Personal information
- Full name: Jimmy George
- Born: 8 March 1955 Thundiyil, Peravoor, Kannur, Kerala, India
- Died: 30 November 1987 (aged 32)
- Hometown: Kerala, India
- Height: 1.87 m (6 ft 1+1⁄2 in)
- Weight: 78 kg (172 lb)
- College / University: St. Thomas College, Palai Government Medical College, Thiruvananthapuram

Career
| Years | Teams |
| 1979–1982 1982–1986 1986–1987 | Abu Dhabi Sports Club Pallavolo Treviso Pallavolo Gabeca |

National team
|  | India |

Honours
Representing India
Asian Games
| Bronze medal – third place | 1986 Seoul | Team competition |

= Jimmy George =

Indian volleyball player

Jimmy George (8 March 1955 – 30 November 1987) was an Indian volleyball player and captain of the Indian national volleyball team.
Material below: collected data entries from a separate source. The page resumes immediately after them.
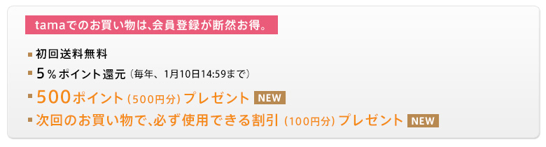 ※無料の会員登録で、tamaでのお買い物が初めての方は送料(佐川急便)【無料】でおとどけします。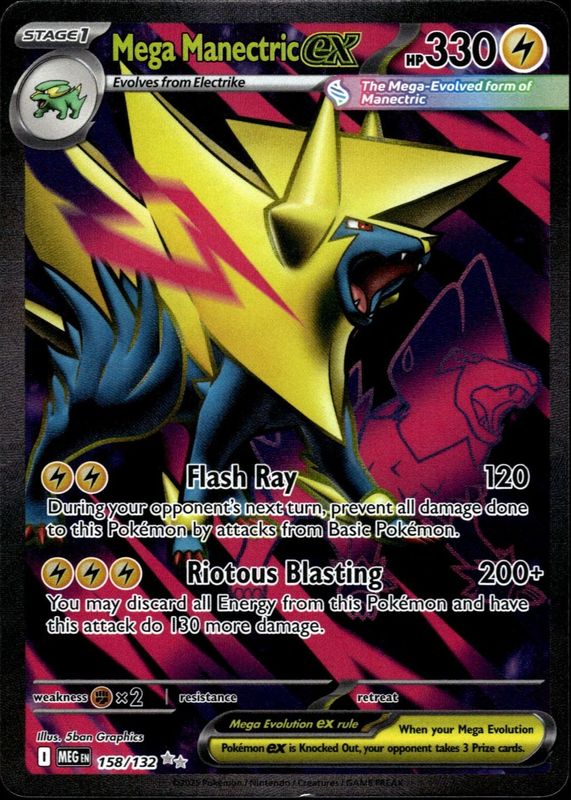 Mega Manectric ex's Pokemon cards are available in at least 5 sets. Mega Manectric ex's biggest 7-day price movers are 2025 Japanese Mega Symphonia #77/63 Super Rare (Full Art), 2025 Mega Evolution #158/132 Ultra Rare (Full Art), and 2014 XY: Phantom Forces #120/119 Holo (Secret).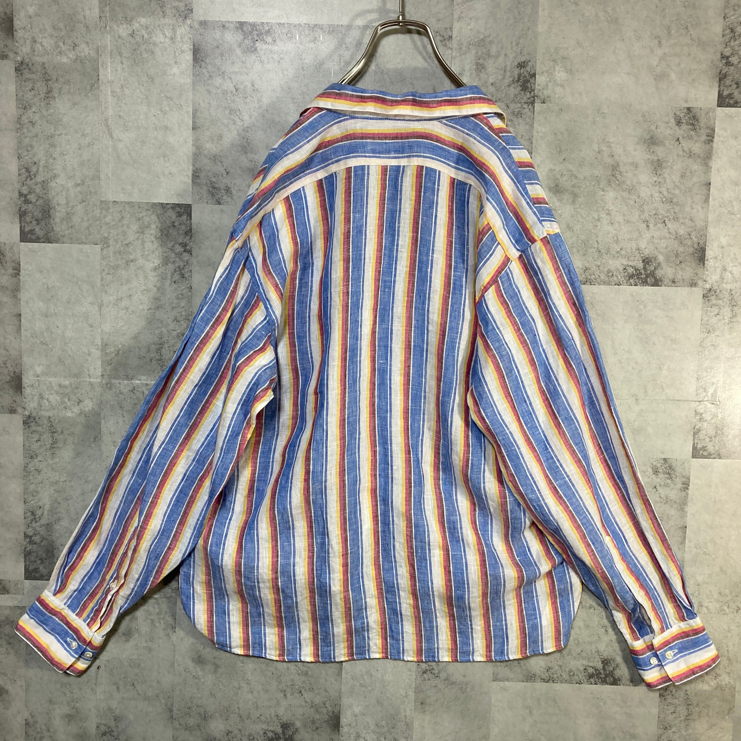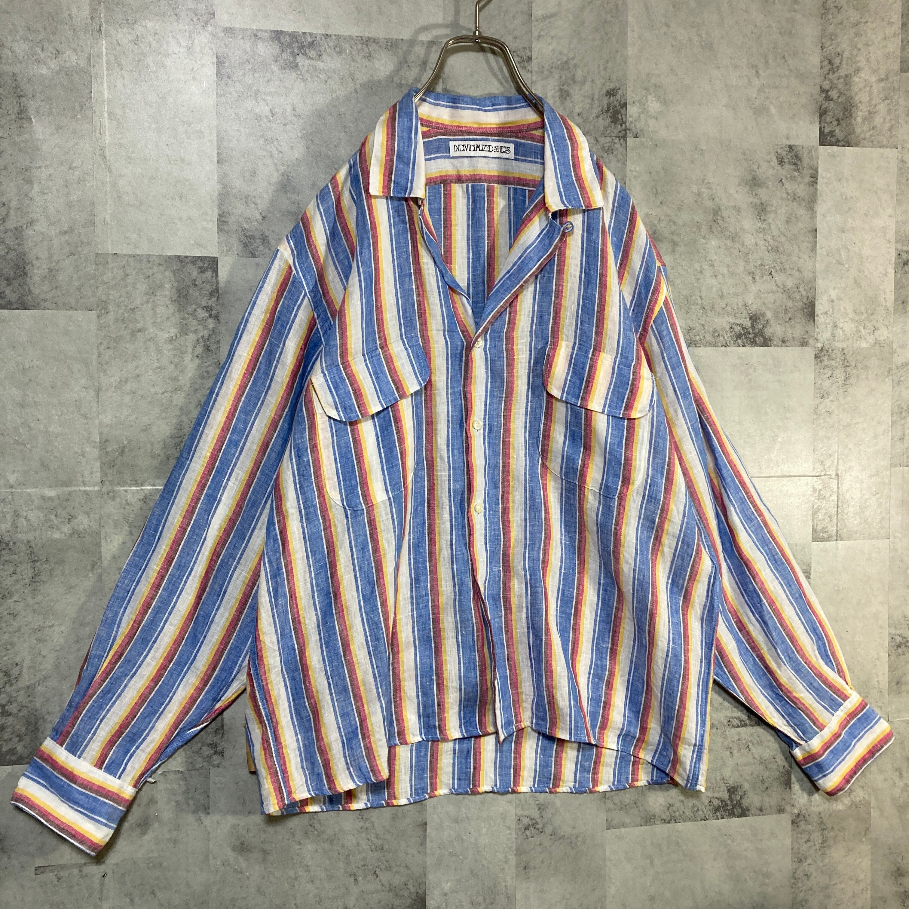 USA製 INDIVIDUALIZED SHIRTS インディヴィジュアライズド シャツ 長袖 オープンカラーシャツ リネン ストライプ L

Often dubbed the God of Indian volleyball, he is considered as one of the greatest volleyball players of all time.

He learned volleyball from his father. In 1979, he became the first Indian to become a professional volleyball player and played for multiple clubs outside the country, most notably in Italy. He still remains the youngest volleyball player to receive the Arjuna Award, one of India's highest national sporting awards.

==Career==
Jimmy George was born to the Kudakkachira family, at Thundiyil near Peravoor in Kannur, as the second son of George Joseph and Mary George. He learned to play volleyball from his father, a former university-level player. Jimmy played for St. Joseph's High School, Peravoor and in 1970, became a member of the University of Calicut volleyball team. In 1971, at the age of 16, he secured a berth in the Kerala State team and went on to represent the State nine times. In 1973, he joined St. Thomas College, Pala and represented the University of Kerala from 1973 to 1976. The team won all four All India Inter-University Championship titles during these four years. He became the captain of the team in 1973.
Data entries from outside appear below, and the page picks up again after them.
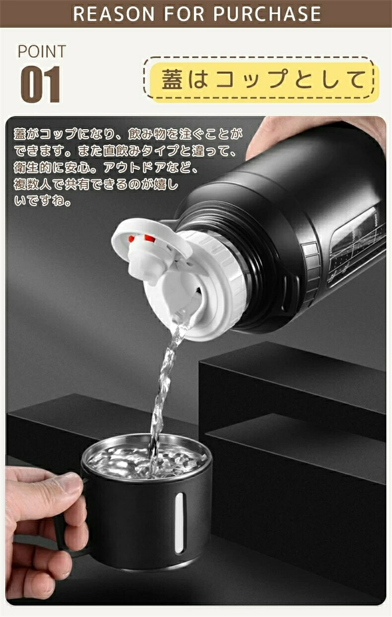 ◆ 蓋がコップになり、飲み物を注ぐことができます。衛生的に安心できます。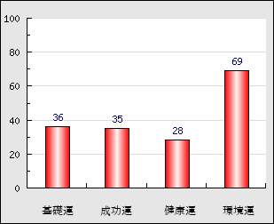 環境運 家庭や職場等での援助運・環境運を司ります。これが良いと配偶者や子供・職場の同僚などから助力が得られやすく、悪いと波乱・不和・孤独などがあります。 69点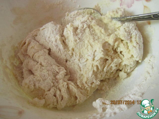 Отставить тесто, в теплое место, накрыв полотенцем. Через 30 минут тесто увеличится в объёме, его следует обмять.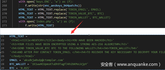 将加密后的AES密钥保存到keys.ENC文件中,最后生成勒索信index.php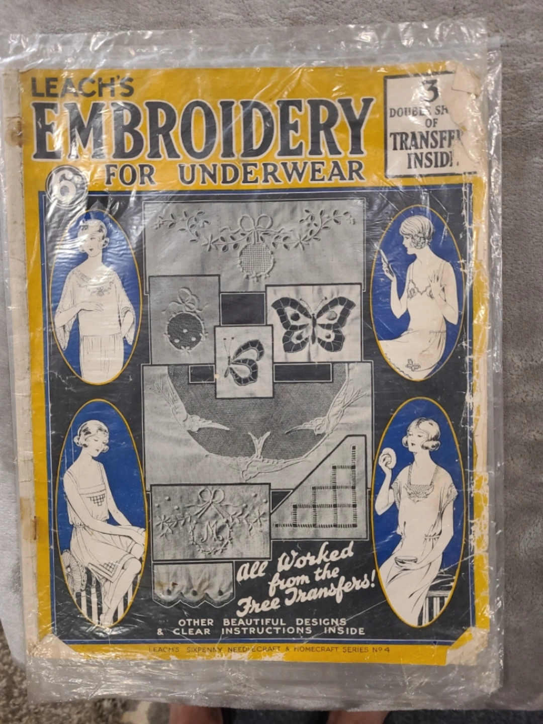 Vintage book with embroidery patterns for underwear. Contains 12 transfers. 2 issues.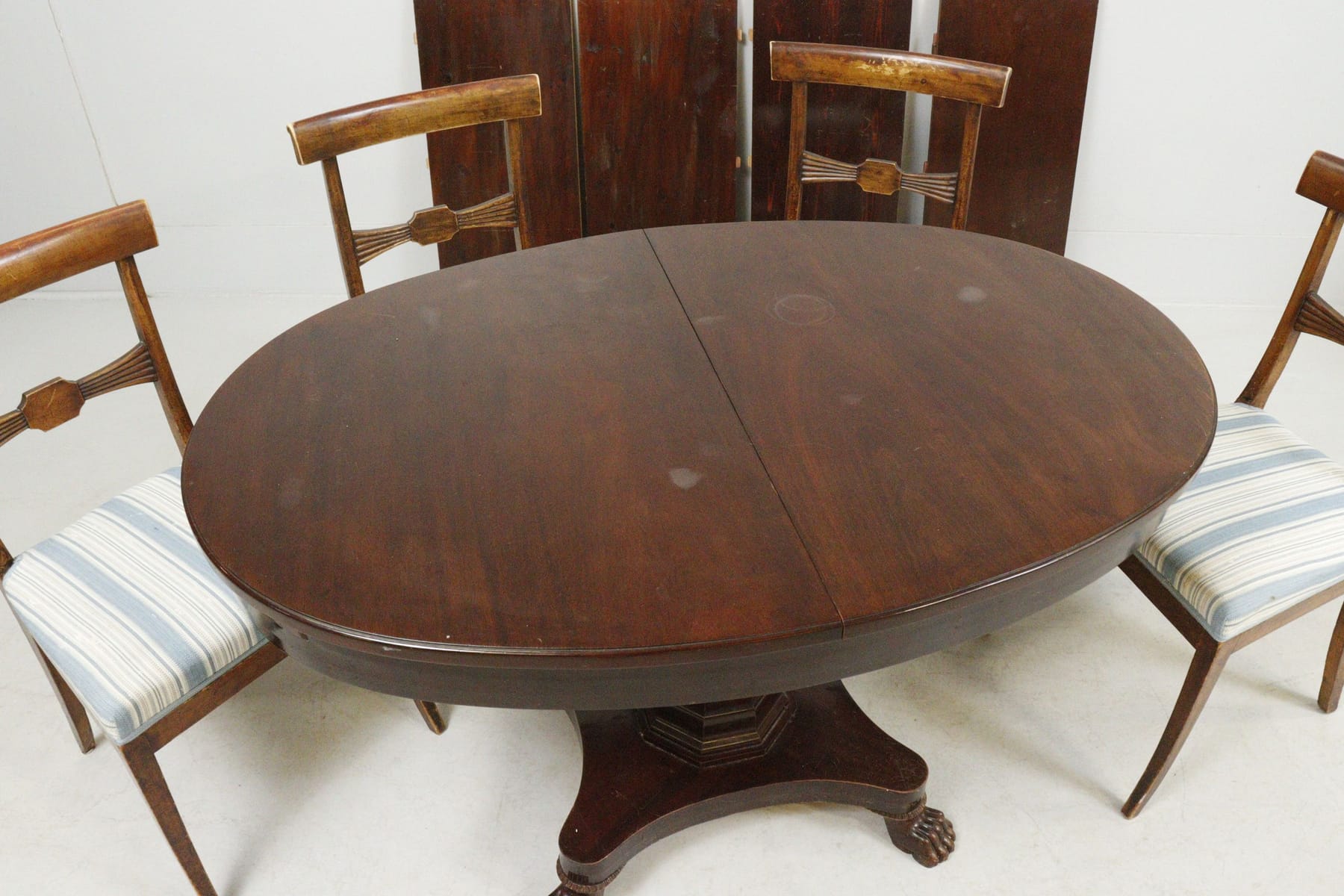 Pelarbord med 4 stolar och 4 iläggsskivor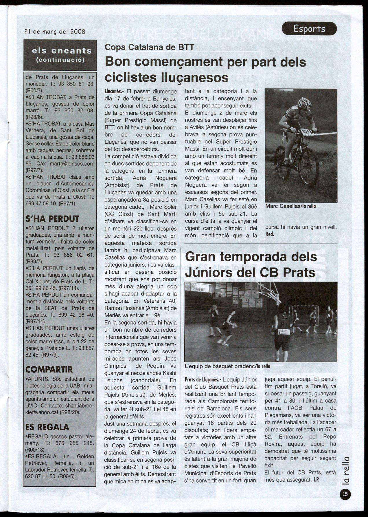 tant a la categoria i a la distància, ensenyant que també pot aconseguir èxits. El diumenge 2 de març els nostres es van desplaçar fins a Avilès (Astúries) on es celebrava la segona prova puntuable pel Super Prestigio Massi. En un circuit molt dur amb un terreny molt diferent al que estan acostumats es van defensar molt bé. En categoria cadet Adrià Noguera va fer segon a escassos segons del primer. Marc Casellas va fer setè en júnior Guillem Pujols el 36è amb èlits i 5è sub-21. La cursa d'èlits la va guanyar el vigent campió olímpic del món, certificació que a la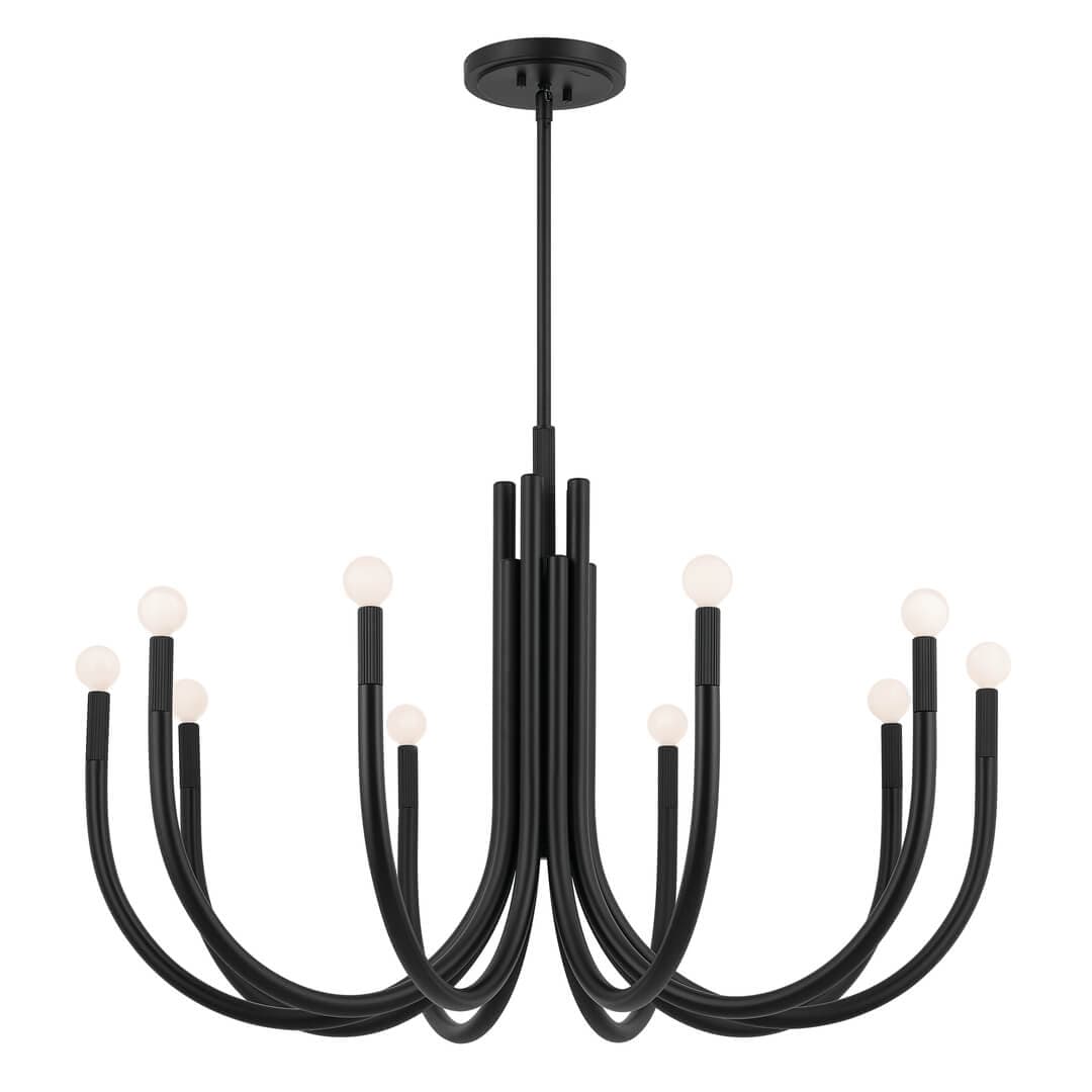 • A contemporary ten-light chandelier surrounds gatherings with balanced illumination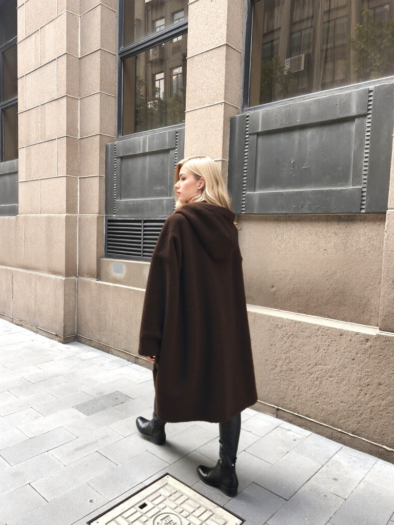 Cozy Brown Teddy Hooded Coat - Oversized & Stylish!

In 1976, Jimmy was in his first year of medical college before joining the Kerala Police where he remained a member of the Kerala Police team until his death. He took leave from the Kerala Police in 1979 and went to the Persian Gulf to play for Abu Dhabi Sports Club. In 1982, he left Abu Dhabi to join the Italian Volleyball League and played for Coletto Treviso, of Treviso for a season. He then switched to System Impiani and played for them in 1983–84. He returned to India and rejoined Kerala Police where played his last Nationals at Kanpur in 1985. Jimmy went back to Italy to play for Arrital team and for 1987–88 season, he signed with Eurostyle-Eurosiba, a top division club based in Montichiari, Brescia.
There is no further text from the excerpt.